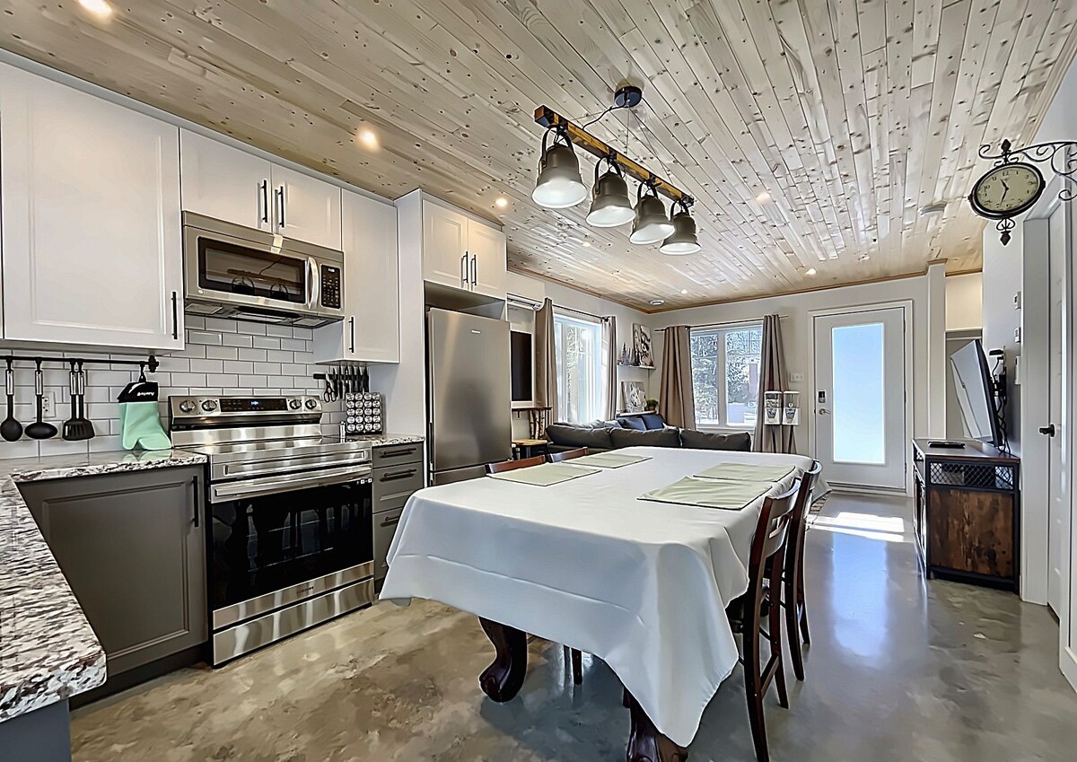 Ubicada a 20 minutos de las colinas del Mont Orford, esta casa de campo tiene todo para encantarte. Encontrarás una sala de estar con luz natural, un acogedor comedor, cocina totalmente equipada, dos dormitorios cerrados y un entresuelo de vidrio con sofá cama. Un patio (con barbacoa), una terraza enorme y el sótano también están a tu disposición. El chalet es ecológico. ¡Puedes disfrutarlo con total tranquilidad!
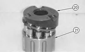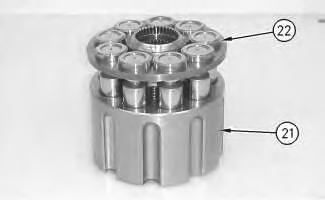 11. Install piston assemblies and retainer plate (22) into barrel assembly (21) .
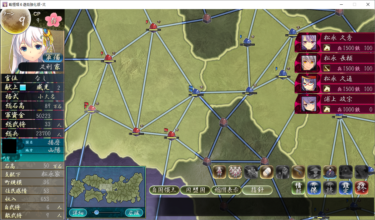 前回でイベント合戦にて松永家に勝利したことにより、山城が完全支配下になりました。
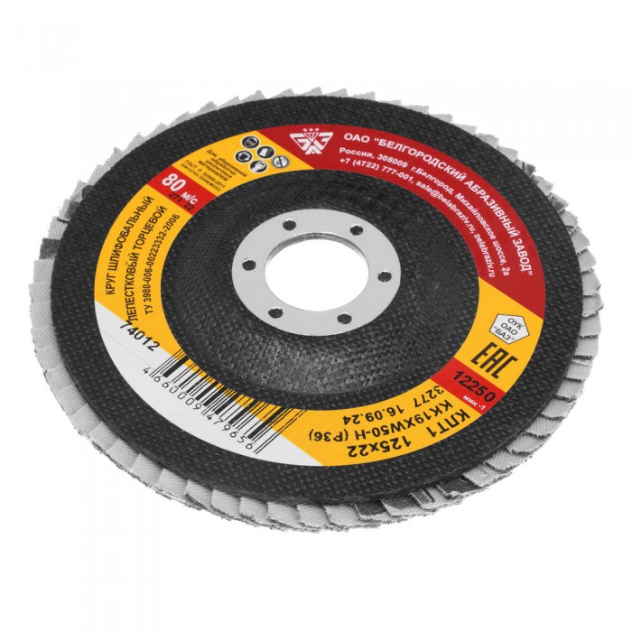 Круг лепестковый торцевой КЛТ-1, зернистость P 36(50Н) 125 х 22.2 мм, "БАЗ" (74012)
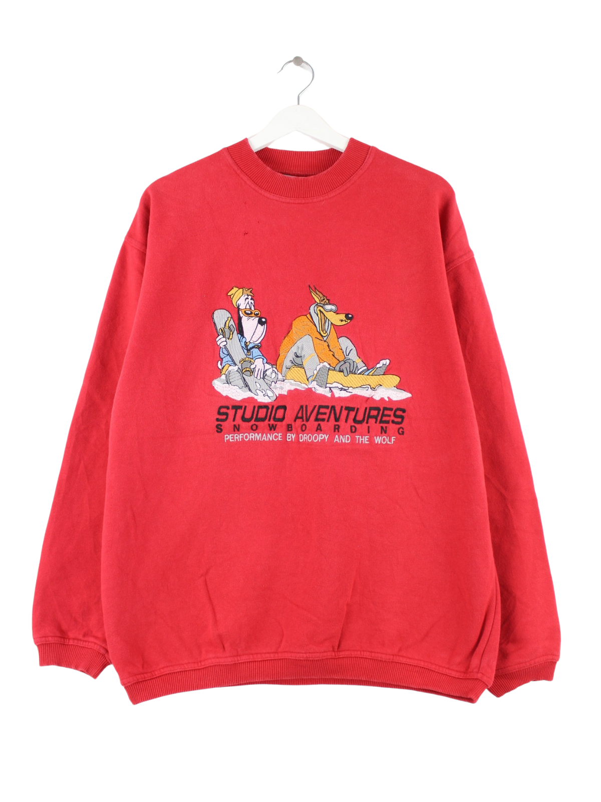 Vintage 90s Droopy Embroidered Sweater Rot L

REQUIRED WORK
The answer should match the material exactly, with every picture removed.

ANSWER TO THE PROBLEM
 Ubicada a 20 minutos de las colinas del Mont Orford, esta casa de campo tiene todo para encantarte. Encontrarás una sala de estar con luz natural, un acogedor comedor, cocina totalmente equipada, dos dormitorios cerrados y un entresuelo de vidrio con sofá cama. Un patio (con barbacoa), una terraza enorme y el sótano también están a tu disposición. El chalet es ecológico. ¡Puedes disfrutarlo con total tranquilidad!
 11. Install piston assemblies and retainer plate (22) into barrel assembly (21) .
 前回でイベント合戦にて松永家に勝利したことにより、山城が完全支配下になりました。
 Круг лепестковый торцевой КЛТ-1, зернистость P 36(50Н) 125 х 22.2 мм, "БАЗ" (74012)
 Vintage 90s Droopy Embroidered Sweater Rot L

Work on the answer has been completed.